I'm trying to grasp the meaning of the song Vše je jedním by Radůza. 
As far I have understood, jedním is used in expressions such as jedním hlasem (by one voice) or být jedním z (to be one of). 

So, could Vše je jedním mean _Everything is one, the same?_ - ?

Hope that it's not going out of the scope of the forum 

Děkuju vám moc


----------



## bibax

*Omnia unum est.*
Vše jedním jest.
All things creates unity.

*Omnia ab uno et in unum omnia.*
Vše z jednoho a v jednom vše.
All comes from one and makes unity.


----------



## Tagarela

Bibaxe, děkuji za odpověď.  Nevěděl jsem já ten latinský výraz.


----------



## ilocas2

Tagarela said:


> Bibaxe, děkuji za odpověď.  Nevěděl jsem já ten latinský výraz.



Could I correct you?

Bibaxi, děkuji za odpověď. Neznal jsem ten latinský výraz.


----------



## Tagarela

ilocas2 said:


> Could I correct you?
> 
> Bibaxi, děkuji za odpověď. Neznal jsem ten latinský výraz.
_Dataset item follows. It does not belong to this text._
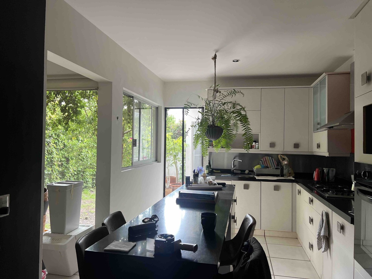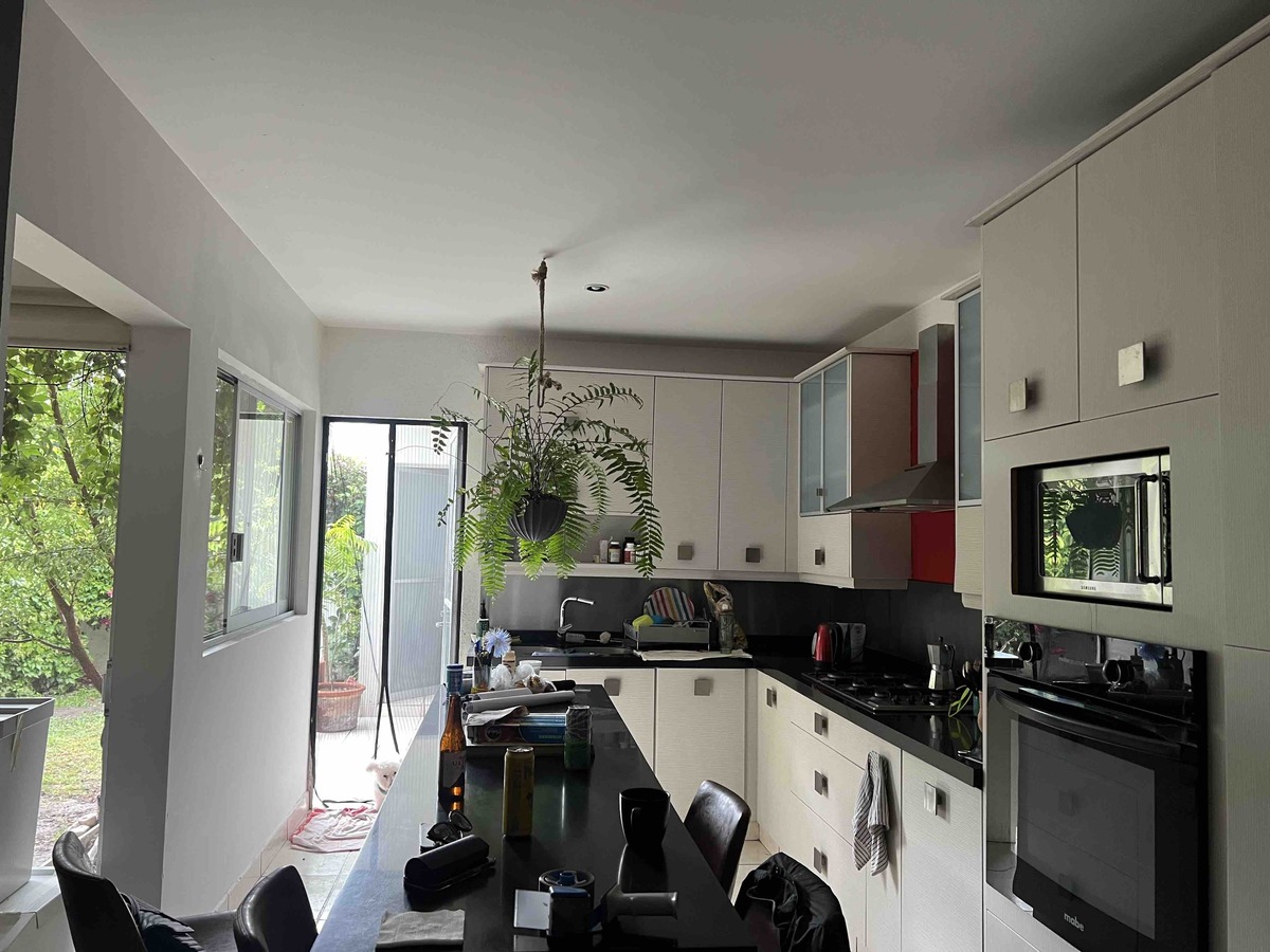 Casa de dos niveles, cochera para dos autos, amplia sala / comedor , área de tv en planta baja, jardín , área de lavado exterior techada, cuarto de servicio con baño completo, cocina equipada con alacena, parrilla y micro hondas, barra desayunador central, 1/2 baño de visitas.

O, sure ilocas2! But why the "já" have to be ommited. I thought that it would be good to give more emphasis is this case.


----------



## ilocas2

Tagarela said:


> O, sure ilocas2! But why the "já" have to be ommited. I thought that it would be good to give more emphasis is this case.



It must be placed on the first position in sentence. And the auxillary verb "jsem" must be always on the second position in sentence.

Neznal jsem ten latinský výraz.

Já jsem neznal ten latinský výraz.

Ten latinský výraz jsem neznal. - best option


----------